J) CONCLUSION & COMMENTS
The decision squarely aligns statutory causation with commercial mechanics. By recognising two independent sales and yet attributing causation of entry to the upstream manufacturer’s sale into the warehouse, the Court carefully avoids both extremes: it neither collapses the chain into a single inseverable sale nor immunises upstream dealers via the presence of a State intermediary. The warehouse architecture—demand notes, NOCs, PNB deposits, batch-wise tracking, and transport permits—demonstrated a robust institutional canalisation, but Section 2(3)’s deeming clause and Section 3(1)(a)’s breadth ensured that the first sale in the chain triggered entry for tax purposes. On machinery, the ruling provides welcome clarity: Section 14 remains a dependable default mechanism; Section 3B may create a special regime, but silence under 3B is not a legislative veto. From a policy lens, the outcome discourages forum shopping on collection mechanics and stabilises revenue certainty in sectors with State canalisation. It also implicitly endorses that indirect tax administration should track movement-causation rather than formalistic labels of who issues the last invoice before retail. For industry, the message is to model pricing and pass-through anticipating entry tax liability at the point of first local-area movement occasioned by their sale, unless the legislature expressly fashions a different collection pivot through a notified special mechanism.
K) REFERENCES
a. Important Cases Referred
i. Coffee Board, Bangalore v. Joint Commercial Tax Officer, Madras & Anr., [1969] 3 SCC 349—definition of “occasion” as “to cause”; applied to causation analysis. Quoted: “the sale which is to be regarded as exempt is a sale which causes the export to take place or is the immediate cause of the export.”

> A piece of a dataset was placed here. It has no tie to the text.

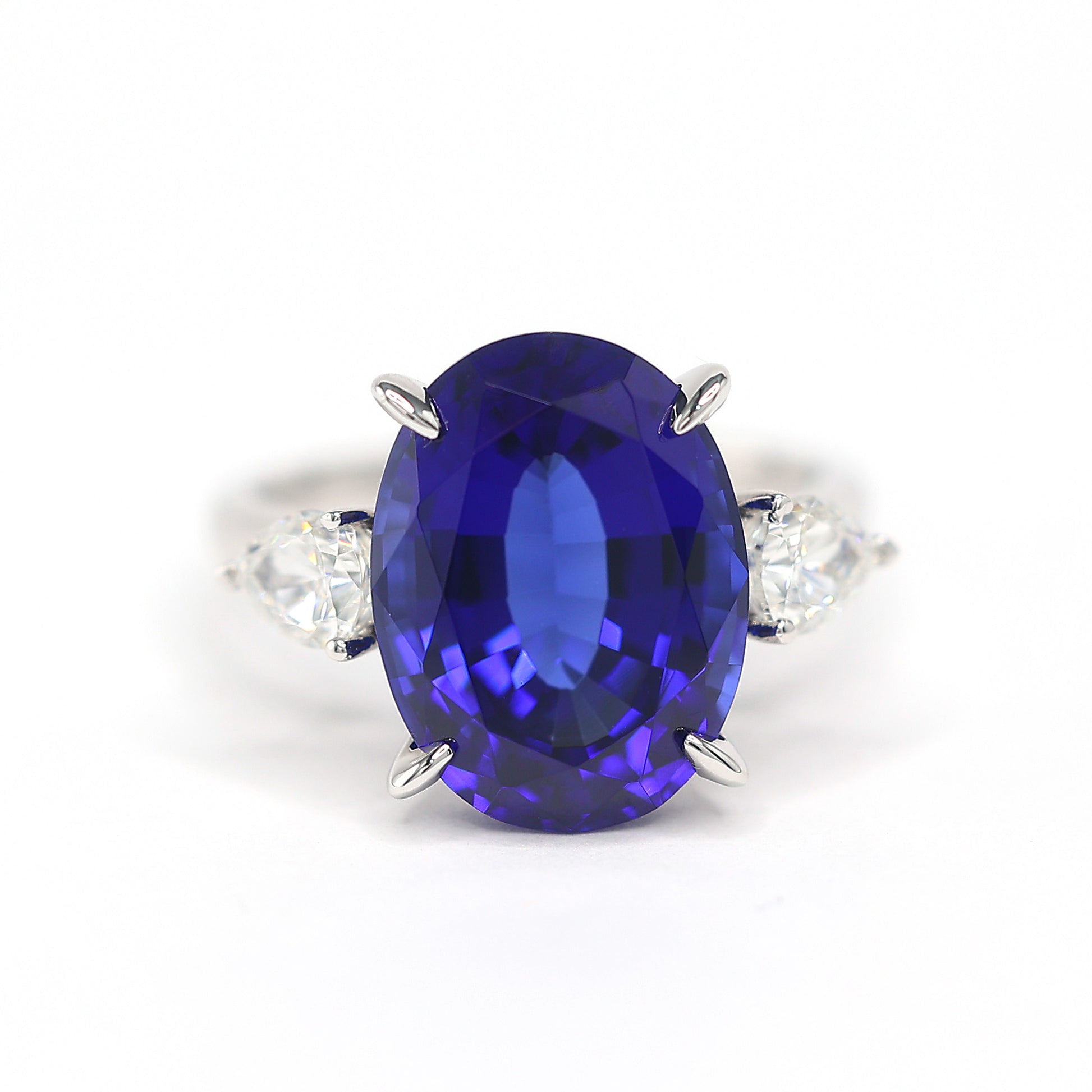 Saphirfarbener Laborring mit mikrogefassten Steinen in Form eines Taubeneis, Sterlingsilber. (10 Karat)

ii. State of Karnataka v. Azad Coach Builders Pvt. Ltd. & Anr., (2010) 9 SCC 524—inseverable link test; occasioning export; adopted to read “cause/occasion” in entry context. Quoted extract at para 27.
iii. K. Gopinathan Nair & Ors. v. State of Kerala, (1997) 10 SCC 1—principles summarising when canalised transactions disrupt unity into two independent sales.

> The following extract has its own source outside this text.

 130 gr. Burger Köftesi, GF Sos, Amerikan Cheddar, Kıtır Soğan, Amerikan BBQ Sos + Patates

iv. Hyderabad Industries Ltd. v. Union of India & Ors., (2000) 1 SCC 718—applied on course of import and transactional unity; cited.

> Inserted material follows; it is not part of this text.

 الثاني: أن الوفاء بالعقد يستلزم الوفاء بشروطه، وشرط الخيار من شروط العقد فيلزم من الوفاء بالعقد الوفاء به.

v. Kerala State Warehousing Corpn. v. State of Kerala, (2005) 10 SCC 142—relied on for canalising/intermediary analysis.
vi. A.G. Varadarajulu & Anr. v. State of T.N. & Ors., (1998) 4 SCC 231; Union of India v. G.M. Kokil, 1984 Supp SCC 196—non-obstante construction sustaining Section 14 despite Section 3B.
vii. M/s Bhagatram Rajeevkumar v. Commissioner of Sales Tax, M.P. & Ors., 1995 Supp (1) SCC 673—held inapplicable; distinguished.
b. Important Statutes Referred
i. Madhya Pradesh Sthaniya Kshetra Me Mal Ke Pravesh Par Kar Adhiniyam, 1976—Section 3(1)(a); Sections 2(1)(aa), 2(1)(b), 2(3); Section 14; Section 3B.
ii. Madhya Pradesh VAT Act, 2002—Section 2(i) (dealer); interlink via Section 14 of Entry Tax Act.
iii. M.P. Foreign Liquor Rules, 1996—Rule 14(1) on Transit Pass for movement to warehouse.
iv. The Madhya Pradesh Entry Tax (Amendment) Act No. 9 of 2007—added IMFL and beer to Schedule II at 2%.